**Requirement:** The copy should hold only the line containing "Эта комната словно" and the lines after it through the end of the material, each exact, with no pictures.

**Source data:**

===

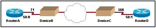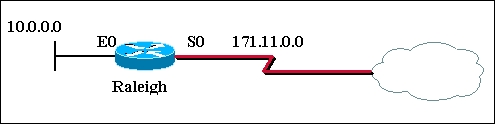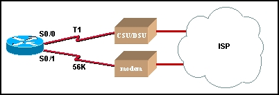 An ISDN router is configured for DDR as shown in the graphic to provide
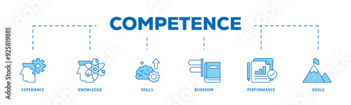 Competence icon infographic illustration concept with icon of experience, knowledge, skills, behavior, performance, and goals icon live stroke and easy to edit
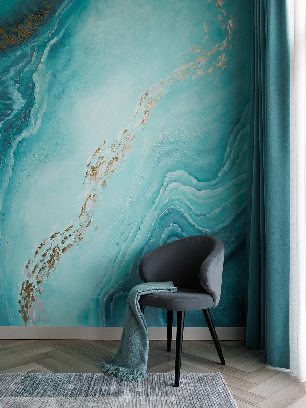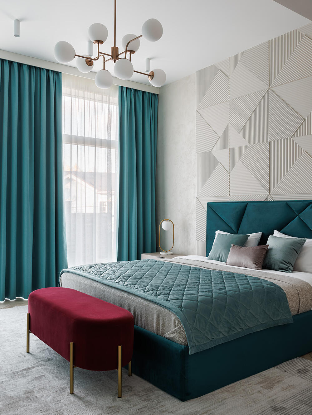 Эта комната словно переносит в отпуск у тёплого моря. Вдохновением послужил вид волн и природных минералов — именно такую динамику передаёт панно с имитацией природного среза в оттенках бирюзы, голубого и песочного, с акцентами золота. Цветовая палитра выстроена на глубоком морском тоне: шторы, мягкое изголовье и покрывало отсылают к морской глади. Контрастной деталью выступает пуф насыщенного винного цвета на золотых ножках — как яркое пятно на фоне спокойной гаммы.
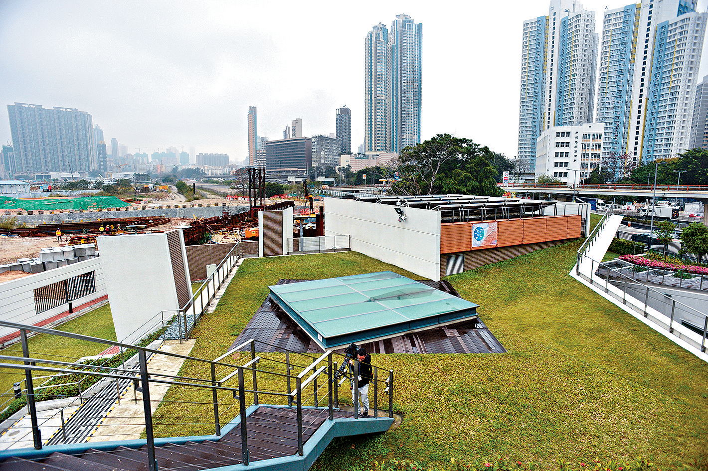 ▲渠务署在九龙城1号污水泵房试用透水路面、草砖等可持续排水措施。

===

**Reply:**
 Эта комната словно переносит в отпуск у тёплого моря. Вдохновением послужил вид волн и природных минералов — именно такую динамику передаёт панно с имитацией природного среза в оттенках бирюзы, голубого и песочного, с акцентами золота. Цветовая палитра выстроена на глубоком морском тоне: шторы, мягкое изголовье и покрывало отсылают к морской глади. Контрастной деталью выступает пуф насыщенного винного цвета на золотых ножках — как яркое пятно на фоне спокойной гаммы.
 ▲渠务署在九龙城1号污水泵房试用透水路面、草砖等可持续排水措施。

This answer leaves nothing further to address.